Kinase D-interacting substrate of 220 kDa or ARMS (ankyrin repeat-rich membrane spanning) is a scaffold protein that in humans is encoded by the KIDINS220 gene.

It is a downstream target of neuronal signaling events initiated by neutrophins and ephrins. Additionally, it was shown to have important roles in the immune system by interacting with the B-cell and T-cell receptor.

Molecular biology

The gene is located on the short arm of chromosome 2 (2p25.1) on the Crick strand. It is 116,550 bases in length. It encodes a transmembrane protein that is preferentially expressed in the nervous system. The protein acts as a receptor for the CRKL-C3G complex.

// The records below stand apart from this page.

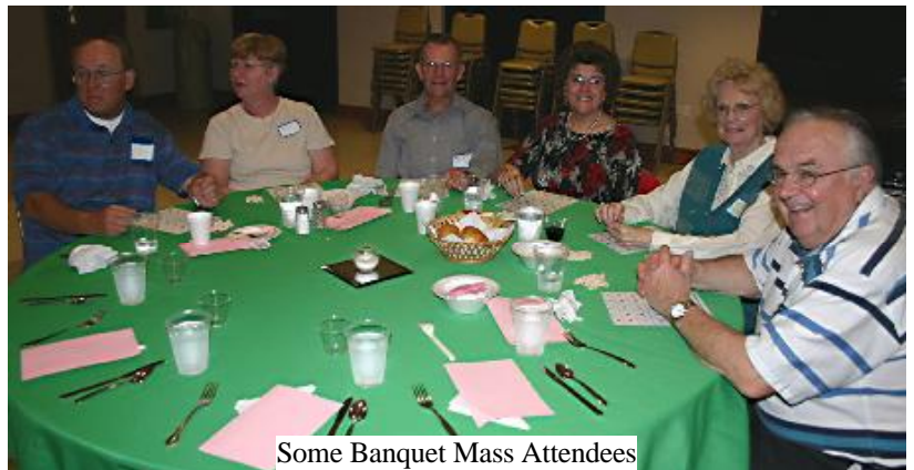
Some Banquet Mass Attendees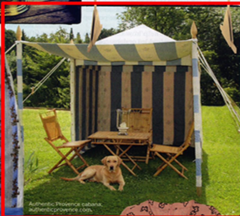
Authentic Provence cabana; authenticprovence.com.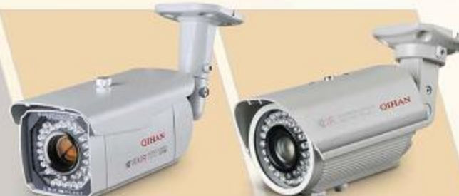
10x zoom IR camera • Sony Super HAD CCD • IP 65-rated • Built-in optical lens, F=3.78-37.8mm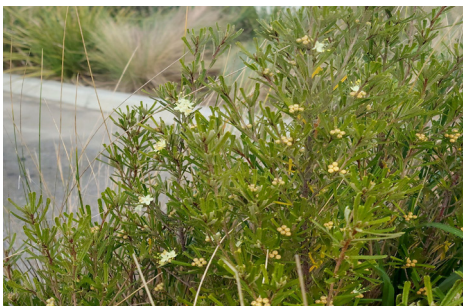
Photo: Davies' Waxflower growing in Quail Street

Threatened Plants Tasmania and NRE Tasmania are looking for volunteers to help plant seedlings of Davies waxflower near St Helens this September. Davies waxflower ( Phebalium daviesii ) is unique to St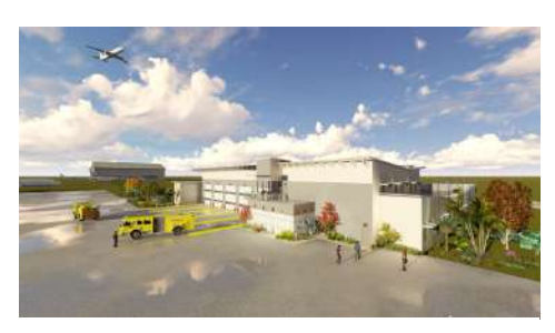
Aircraft Rescue and Firefighting Facility

GIAA will be soliciting for Design services for extension of Fuel System to service the Integrated Air Cargo Facility.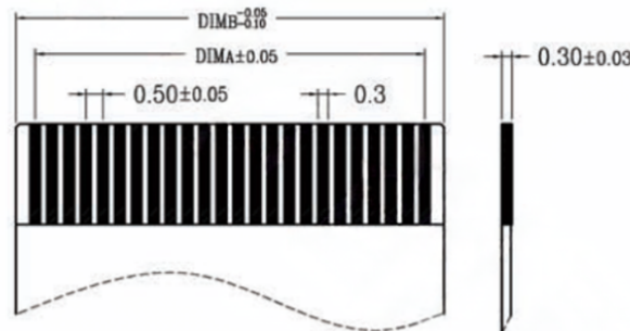
SUITABLE FLAT LINE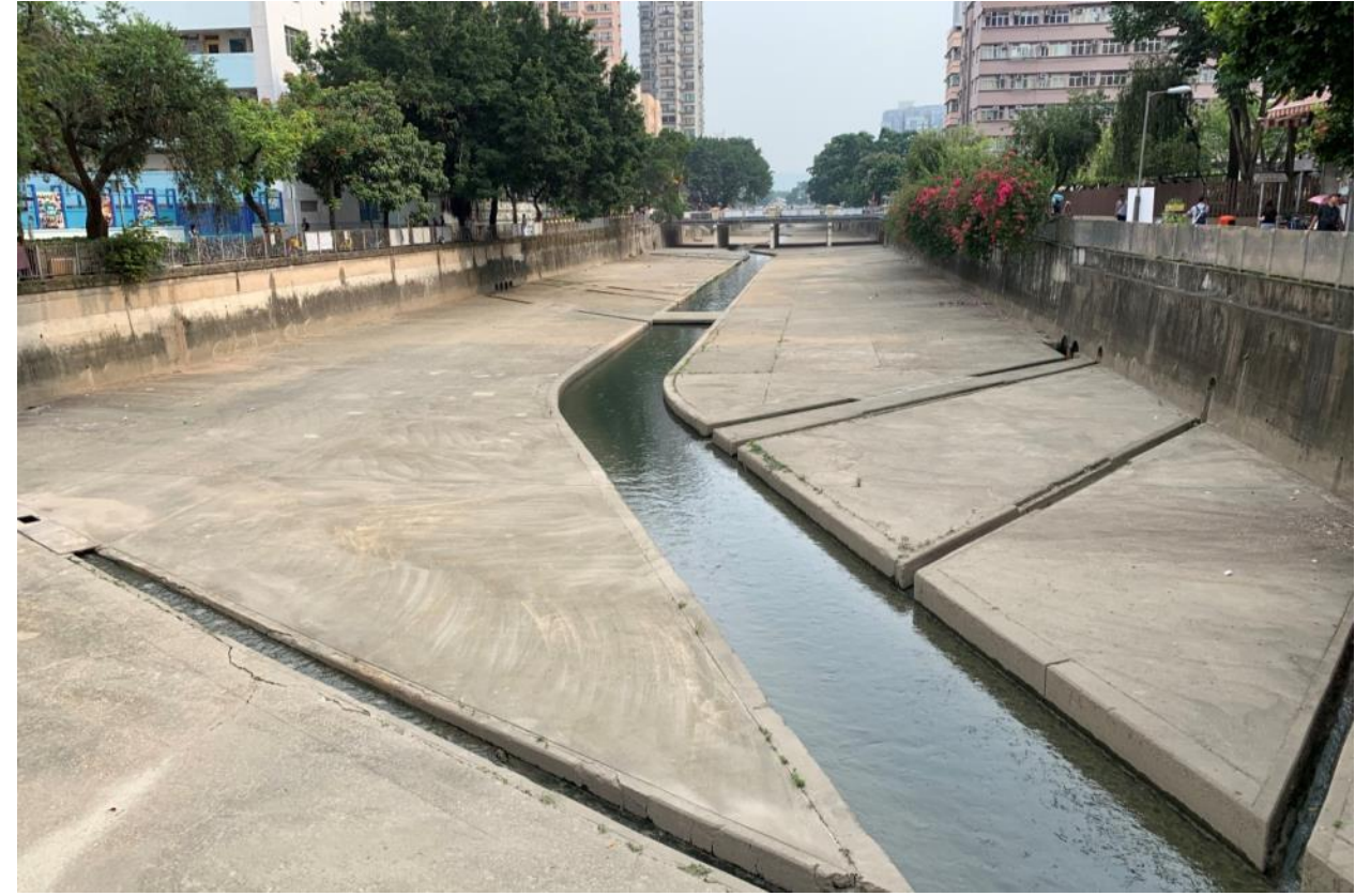
Yuen Long Town Nullah (Section 2)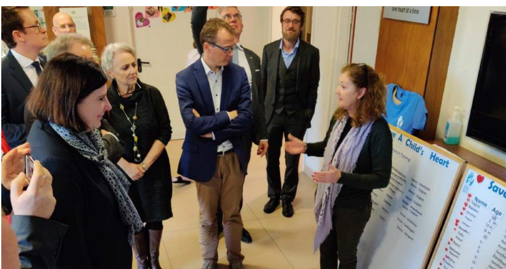
Members of the German Bundestag visit the SACH Children's Home

In September, team members from the Palestinian Affairs Unit of the US Embassy in Israel came to see our Children's Home and tour the Wolfson Medical Center to learn more about our program.

Binding this complex results in Rap1-dependent sustained ERK activation. This, in turn, interacts with several pathways the effects of which are under active investigation.

Clinical importance

Heterozygous mutations of this gene have been suggested as a cause of a syndrome consisting of spastic paraplegia, intellectual disability, nystagmus and obesity. Knock out mice with homozygous mutations have non-viable offspring with enlarged cerebral ventricles. A consanginous couple has been reported who suffered from repeated miscarriages in whom homozygous mutations of this gene were found. Post mortem showed enlarged cerebral ventricles and contracted limbs.